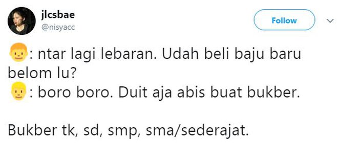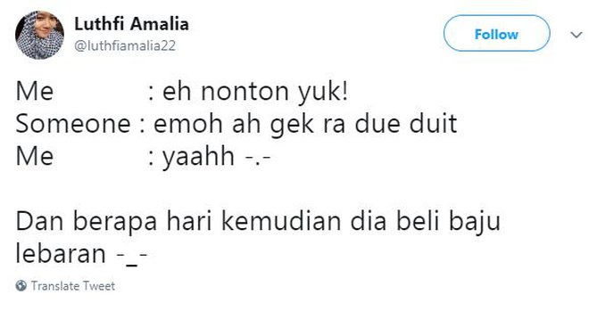 Lebaran identik dengan belanja baju baru. Ini sudah jadi tradisi orang Indonesia. Memakai baju baru saat lebaran bikin suasana jadi lebih hangat dan nyaman, meskipun nggak wajib juga sih. Kalau ada rezeki lebih, bolehlah ya nambah koleksi isi lemari baju. Nah, fenomena Lebaran dan belanja baju bikin warganet akhirnya banyak yang meluapkan perasaan di Twitter. Menariknya, banyak cuitan kocak sekaligus bikin berkata "oh iya ya”. Seperti deretan dibawah ini, penasaran? Yuk Simak!
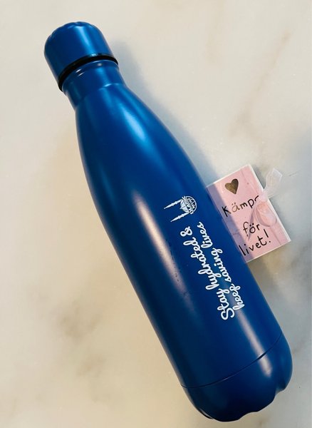 Blå vattenflaska med texten ”Stay hydrated & keep saving lives” från Islamic Relief.
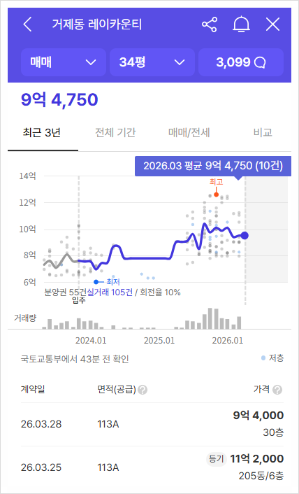 분양가는 34평이 5억 100만원~7억 1,000만이었다. 최근 34평의 시세가 9.4억에 실거래되었다. 25평은 6억 5,800만원 수준이다. 전세가는 34평이 4억 2천, 25평도 4억원 수준이라 전세가 차이는 그리 크지않다. 부산은 비규제지역이기에 청약에 당첨되고 전세로 잔금을 치를 수 있다. 재분양된 세대는 84타입의 3단지로 각각 1단지 1세대, 3단지 2세대이다. 분양가가 5억~7억임을 가정하면 10억 이상의 매물까지 넘어가면 시세차익은 최대 5억도 가능하다.
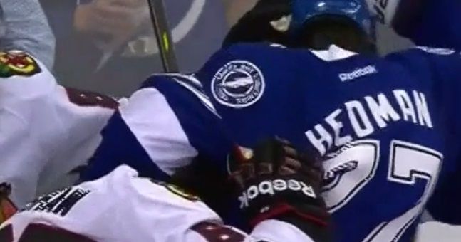 During the first game of the Stanley Cup final last night, a scrap broke out behind the goal between Tampa Bay Lightning’s Victor Hedman and Chicago Blackhawks’ Patrick Kane.
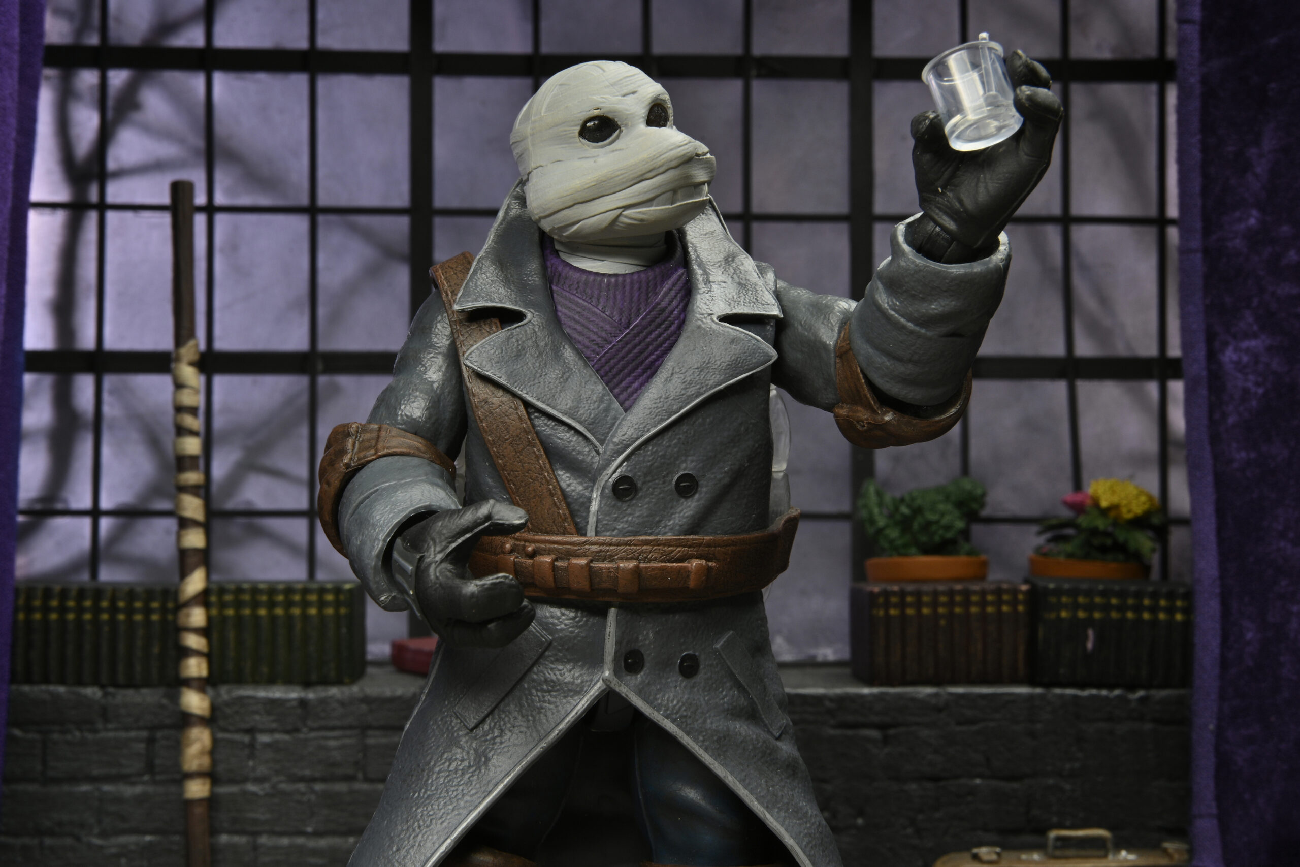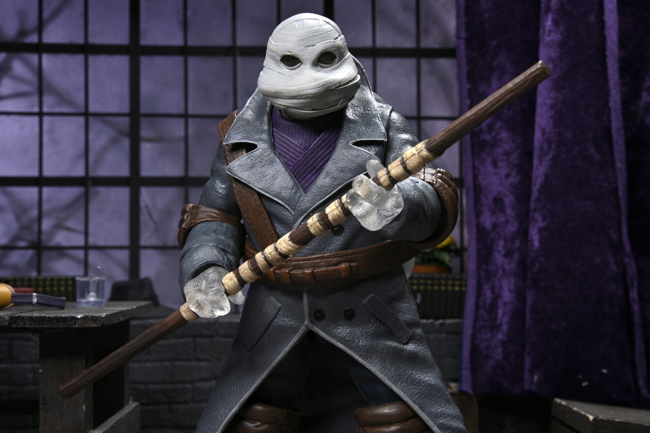 Donatello as The Invisible Man reimagines the Turtle as the mysterious scientist who hides a terrible secret behind his bandages. Explore a descent into insanity with many included accessories: interchangeable heads, hands and feet (including “invisible” hands and feet), microscope, bo staff, TGRI journal, glass, and hat.
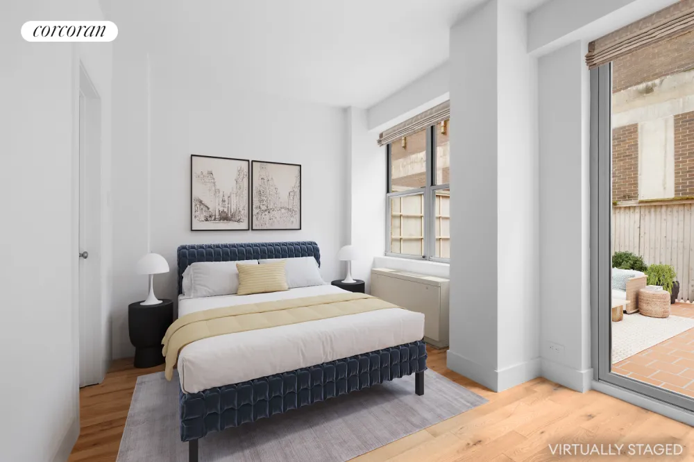 With a massive 350 SF private garden patio, Apartment 1A has been fully gut renovated - new kitchen, bathroom, hardwood floors, millwork, windows, wiring, plumbing, lighting, and HVAC. No detail was overlooked.
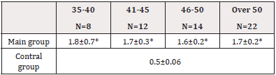 The results of an EIA to determine the detectability of the level of C-terminal telopeptide of type I collagen (CTX) in the examined patients showed that among 55 women of the main group, 37 had in an increase in the level of CTX-1 in the blood, which accounted for 67.3% of cases. Whereas in the control group of women (37 subjects) only 3 women had an increased level of CTX-1, which accounted for 8.1% of cases (Table 1). The results obtained indicate the presence of a high level of CTX-1 in the blood of patients with PHGP. An analysis of the quantitative assessment of the C-terminal telopeptide of type I collagen in the blood of patients with PHGP revealed an increase in the level of CTX-1 in the blood of patients with PHGP by 4.4 times compared with the indicators of the healthy controls and averaged 2.2±0.17 ng/mL and was statistically significant. (P<0.05) (Table 1). As follows from the table, the level of the C-terminal telopeptide of type I collagen in the control group averaged 0.5±0.06 ng/mL. The obtained data were analyzed taking into account the age aspects of the main group of women (Table 2).
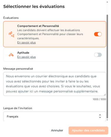 Choisissez les évaluations que vous souhaitez leur faire passer.
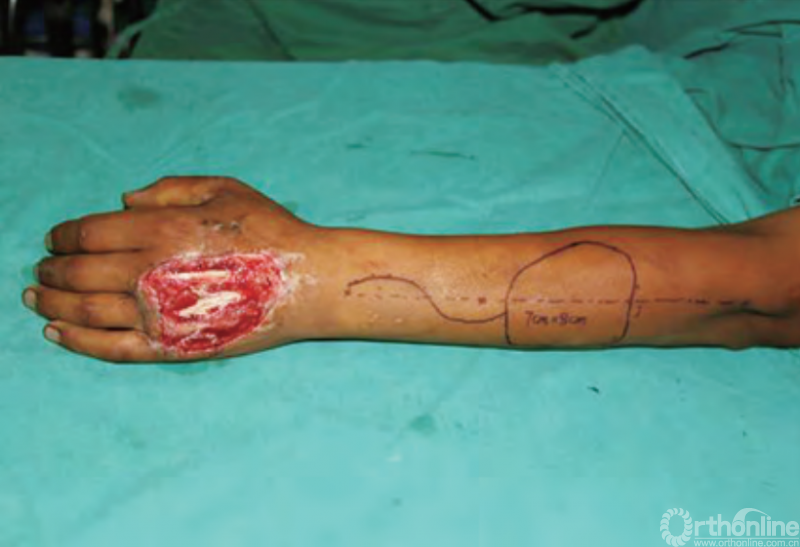 图1 手背皮肤缺损设计骨间动脉皮瓣转移修复创面
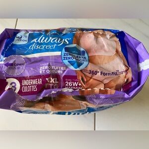 Always Discreet underwear in XXL size. Features a purple and blue design. It is brand new but one of the bags top got open - nothing missing I taped it up - total 26 count no tags
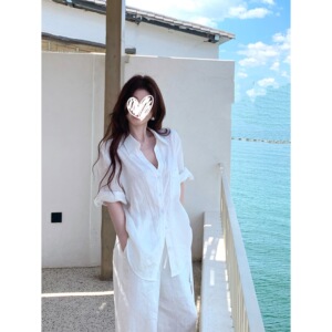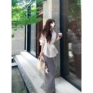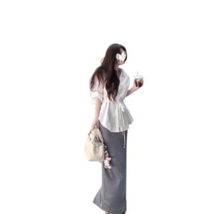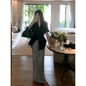 早秋新款宽松百搭简约老钱风衬衫~条纹直筒长款半身裙 其它
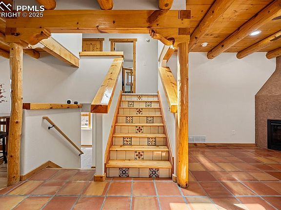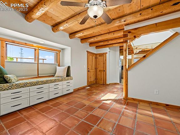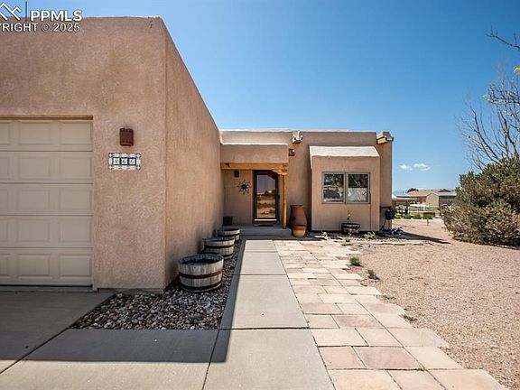 Authentic Pueblo-style tri-level home with quality features throughout. The master bath features a steam shower, a dry sauna, and a soaking tub. The main level features wood-beamed ceilings, a Kiva fireplace, and a built-in window seat. Spacious eat-in kitchen, with Black Stainless Samsung smart appliances, opens to the family room. Situated on 1+ acres, landscaped and fenced with exterior security cameras. Two patios are available: one is located right off the kitchen, featuring a table and chairs, while the other patio is situated under a lighted pergola, already set up with six inviting chairs, a fire pit, and a water feature. This home features solar power, . The property also features a 30x56 garage/workshop with RV parking and hookup, as well as a Morton garden shed adjacent to raised beds, perfect for your garden. Great views and neighborhood—must see!
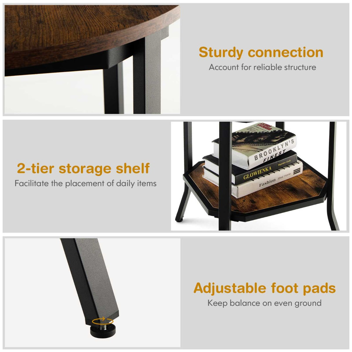 Thoughtful Design: This industrial end table is compact to take little space. Child-friendly round design protects your knees from bruises. And it is equipped with adjustable non-slip footpads to keep stable even on uneven ground, while prevent the floor from being scratched.
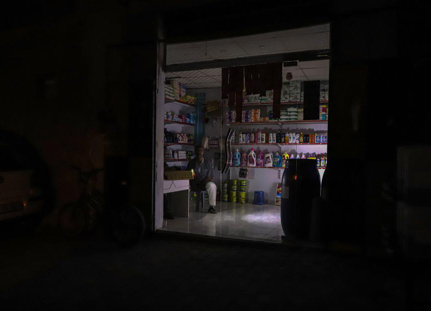 當(dāng)?shù)貢r間2023年10月16日,加沙地帶的汗尤尼斯,黑暗中的店鋪。

▬▬▬▬▬▬

WORK INSTRUCTION ->
Excluding the pictures, reproduce every entry exactly as given.

SOLUTION ->
 Lebaran identik dengan belanja baju baru. Ini sudah jadi tradisi orang Indonesia. Memakai baju baru saat lebaran bikin suasana jadi lebih hangat dan nyaman, meskipun nggak wajib juga sih. Kalau ada rezeki lebih, bolehlah ya nambah koleksi isi lemari baju. Nah, fenomena Lebaran dan belanja baju bikin warganet akhirnya banyak yang meluapkan perasaan di Twitter. Menariknya, banyak cuitan kocak sekaligus bikin berkata "oh iya ya”. Seperti deretan dibawah ini, penasaran? Yuk Simak!
 Blå vattenflaska med texten ”Stay hydrated & keep saving lives” från Islamic Relief.
 분양가는 34평이 5억 100만원~7억 1,000만이었다. 최근 34평의 시세가 9.4억에 실거래되었다. 25평은 6억 5,800만원 수준이다. 전세가는 34평이 4억 2천, 25평도 4억원 수준이라 전세가 차이는 그리 크지않다. 부산은 비규제지역이기에 청약에 당첨되고 전세로 잔금을 치를 수 있다. 재분양된 세대는 84타입의 3단지로 각각 1단지 1세대, 3단지 2세대이다. 분양가가 5억~7억임을 가정하면 10억 이상의 매물까지 넘어가면 시세차익은 최대 5억도 가능하다.
 During the first game of the Stanley Cup final last night, a scrap broke out behind the goal between Tampa Bay Lightning’s Victor Hedman and Chicago Blackhawks’ Patrick Kane.
 Donatello as The Invisible Man reimagines the Turtle as the mysterious scientist who hides a terrible secret behind his bandages. Explore a descent into insanity with many included accessories: interchangeable heads, hands and feet (including “invisible” hands and feet), microscope, bo staff, TGRI journal, glass, and hat.
 With a massive 350 SF private garden patio, Apartment 1A has been fully gut renovated - new kitchen, bathroom, hardwood floors, millwork, windows, wiring, plumbing, lighting, and HVAC. No detail was overlooked.
 The results of an EIA to determine the detectability of the level of C-terminal telopeptide of type I collagen (CTX) in the examined patients showed that among 55 women of the main group, 37 had in an increase in the level of CTX-1 in the blood, which accounted for 67.3% of cases. Whereas in the control group of women (37 subjects) only 3 women had an increased level of CTX-1, which accounted for 8.1% of cases (Table 1). The results obtained indicate the presence of a high level of CTX-1 in the blood of patients with PHGP. An analysis of the quantitative assessment of the C-terminal telopeptide of type I collagen in the blood of patients with PHGP revealed an increase in the level of CTX-1 in the blood of patients with PHGP by 4.4 times compared with the indicators of the healthy controls and averaged 2.2±0.17 ng/mL and was statistically significant. (P<0.05) (Table 1). As follows from the table, the level of the C-terminal telopeptide of type I collagen in the control group averaged 0.5±0.06 ng/mL. The obtained data were analyzed taking into account the age aspects of the main group of women (Table 2).
 Choisissez les évaluations que vous souhaitez leur faire passer.
 图1 手背皮肤缺损设计骨间动脉皮瓣转移修复创面
 Always Discreet underwear in XXL size. Features a purple and blue design. It is brand new but one of the bags top got open - nothing missing I taped it up - total 26 count no tags
 早秋新款宽松百搭简约老钱风衬衫~条纹直筒长款半身裙 其它
 Authentic Pueblo-style tri-level home with quality features throughout. The master bath features a steam shower, a dry sauna, and a soaking tub. The main level features wood-beamed ceilings, a Kiva fireplace, and a built-in window seat. Spacious eat-in kitchen, with Black Stainless Samsung smart appliances, opens to the family room. Situated on 1+ acres, landscaped and fenced with exterior security cameras. Two patios are available: one is located right off the kitchen, featuring a table and chairs, while the other patio is situated under a lighted pergola, already set up with six inviting chairs, a fire pit, and a water feature. This home features solar power, . The property also features a 30x56 garage/workshop with RV parking and hookup, as well as a Morton garden shed adjacent to raised beds, perfect for your garden. Great views and neighborhood—must see!
 Thoughtful Design: This industrial end table is compact to take little space. Child-friendly round design protects your knees from bruises. And it is equipped with adjustable non-slip footpads to keep stable even on uneven ground, while prevent the floor from being scratched.
 當(dāng)?shù)貢r間2023年10月16日,加沙地帶的汗尤尼斯,黑暗中的店鋪。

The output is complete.